The initialization phase of the Benders decomposition algorithm establishes the starting point for the iterative process by setting up the initial master problem, solving the corresponding subproblem, and defining initial bounds on the optimal value. This setup ensures the algorithm begins with a valid relaxation that can be progressively tightened through cuts. The initial master problem is constructed as the linear programming relaxation of the restricted master, disregarding integer constraints on the complicating variables x to yield a feasible starting solution x^0. The auxiliary variable \eta, which approximates the recourse function, is initialized to -\infty (or a sufficiently large negative value) to provide a lower underestimation of the second-stage contribution. Alternatively, in bounded formulations, \eta^0 may be set to a big-M value, where M is a constant larger than any anticipated subproblem objective to prevent unboundedness while allowing initial iterations to proceed.^[1] With x^0 in hand, the subproblem is formulated and solved to assess feasibility for this first-stage decision. If feasible, the optimal dual solution \pi^0 is recovered, enabling the generation of the first optimality cut to refine the master approximation. If infeasible, an extreme ray from the dual subproblem produces the initial feasibility cut, ensuring the master excludes this infeasible x^0 in subsequent solves. Bounds are initialized to frame the optimization gap: the lower bound z_{LB}^0 is taken as the objective value from the initial master solution, c^T x^0 + \eta^0, reflecting a valid relaxation. The upper bound z_{UB}^0 derives from any incumbent feasible solution to the full problem, often obtained via a simple heuristic, relaxation, or trial point such as x = 0 if nonnegative and satisfying supply constraints.^[11] Early-stage degeneracy, arising from multiple optimal dual solutions in the subproblem, can cause cycling or weak cuts; to mitigate this, small perturbations to the subproblem objective coefficients or stabilization techniques—such as aggregate cuts or proximal bundle methods—may be applied to promote diverse extreme points and numerical robustness.
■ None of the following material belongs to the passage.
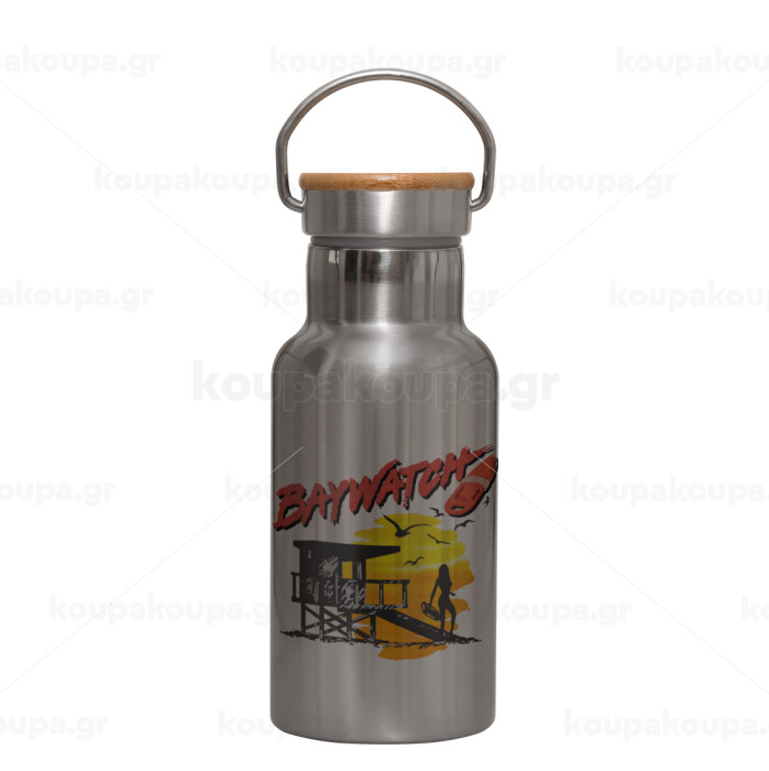 Baywatch, Μεταλλικό παγούρι θερμός (Stainless steel) Ασημένιο με ξύλινο καπακι (bamboo), διπλού τοιχώματος, 350ml

The big-M parameter, when used to cap \eta, is chosen as an overestimate of the maximum possible recourse cost (e.g., based on problem-specific bounds like total demand times unit cost), ensuring it does not exclude optimal solutions while maintaining solvability.

Iterative Steps

The iterative steps of Benders decomposition constitute the main loop of the algorithm, where the restricted master problem and subproblem are alternately solved to generate and incorporate cutting planes, progressively tightening the bounds on the optimal solution.^[1] This process refines the approximation of the recourse function until the duality gap closes, leveraging the duality between the primal subproblem and its dual to produce valid cuts.^[4] In the first step of each iteration k, the current restricted master problem is solved to optimality, yielding the solution x^k for the complicating variables and \eta^k as an underestimate of the recourse cost.^[1] This provides a lower bound on the overall objective value, given by c^\top x^k + \eta^k, where c are the costs associated with x.^[4] Next, the subproblem is formed by fixing the complicating variables to x^k and solving either the primal or dual formulation to assess feasibility and compute the recourse value v^k.^[1] If the subproblem is feasible, the optimal dual multipliers \pi^k are used to evaluate v^k; should v^k > \eta^k, an optimality cut is generated as

\eta \geq \zeta^k + \pi^k (b - A x),

where \zeta^k is the constant term derived from the dual objective at x^k, ensuring the cut supports the underestimation of the recourse function.^[4] This cut is added to the master problem, and the total objective c^\top x^k + v^k updates the upper bound, as it represents a feasible solution to the original problem.^[1] If the subproblem is instead infeasible for x^k, a feasibility-checking subproblem (or dual unbounded ray) is solved to obtain multipliers \pi^k satisfying the dual constraints with \pi^k (A x^k - b) > 0.^[4] A feasibility cut

\pi^k (A x - b) \leq 0

is then generated and appended to the master problem, eliminating the infeasible x^k and similar points from future consideration.^[1] The master problem is updated by incorporating the new cut(s)—either optimality or feasibility—and resolved to initiate the next iteration, with lower and upper bounds tracked throughout to monitor progress toward optimality.^[4] To accelerate convergence, techniques such as selecting the most violated cut from a pool or aggregating multiple cuts can be applied, reducing the number of constraints while preserving validity.^[12]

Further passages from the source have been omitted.